本試験は、診断後可及的早期にLying-flat(0°)の状態を24時間持続する群に対して、Sitting-up(30°以上) が、90日後の身体機能(modified Rankin scale)を改善するかを検証した。
 デザインはクラスターランダム化比較試験。ランダム化は本研究に以後は関わらない統計学者が施設ごとにランダム化し、隠蔽化、ITT解析はされている。またクロスオーバーもされている。
 結果は、5295人がLying-flat群、5799人がSitting-up群に割付され、90日後のModified Rankin scaleは有意差はみられなかった。また、重篤な有害事象・肺炎発生に関しても有意差はみられなかった。

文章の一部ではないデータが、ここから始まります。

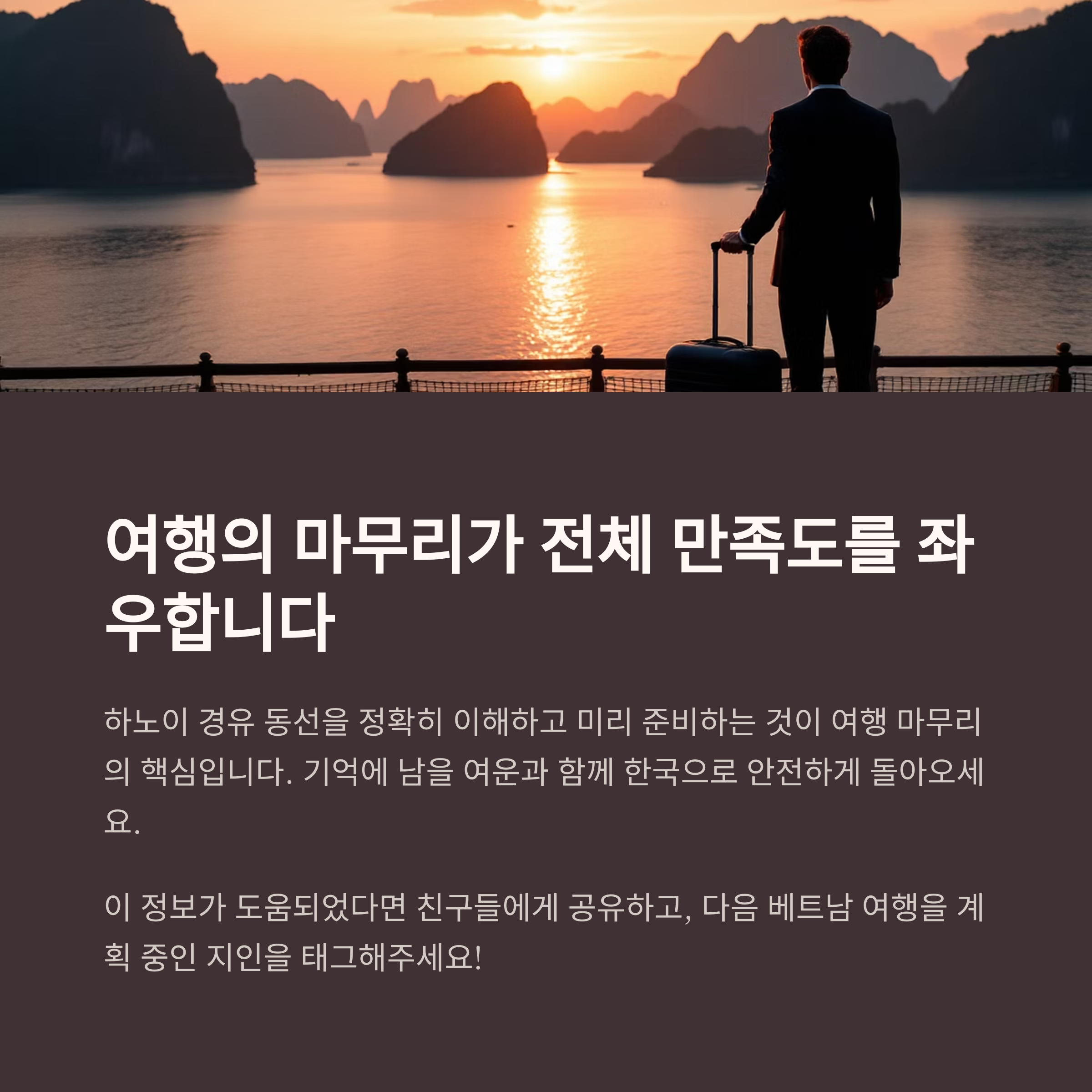 하롱베이의 마지막 날, 하노이를 경유해 귀국하는 날의 이동 동선과 준비 사항을 정리해드립니다.

本試験の強みは、臨床現場の大きなclinical questionである実際の転帰の差について解明を試みた研究であり、多国籍・他施設でアジア人も多くinclusionされており外的妥当性においては本邦にも適応できることである。しかし、実際に割り付けされたサンプル数が必要なサンプルサイズに達しておらずβエラーが起こっている可能性はある。また、クラスターランダム化されたことで介入者(治療者)のマスキングが出来ておらず各介入者が支持するpositioningが優位になるように患者をinclusion・exclusionされてしまっている可能性があり、本試験では各施設でinclusionされた患者からプロトコルに事前に記載されている基準に沿ってではあるがLying-flat群で6421人(54.8%)、Sitting-up群で5118人(46.9%)exclusionされており、exclusionされた数が多いこと・群間でexclusionされた割合に差があることから内的妥当性に問題があると考える。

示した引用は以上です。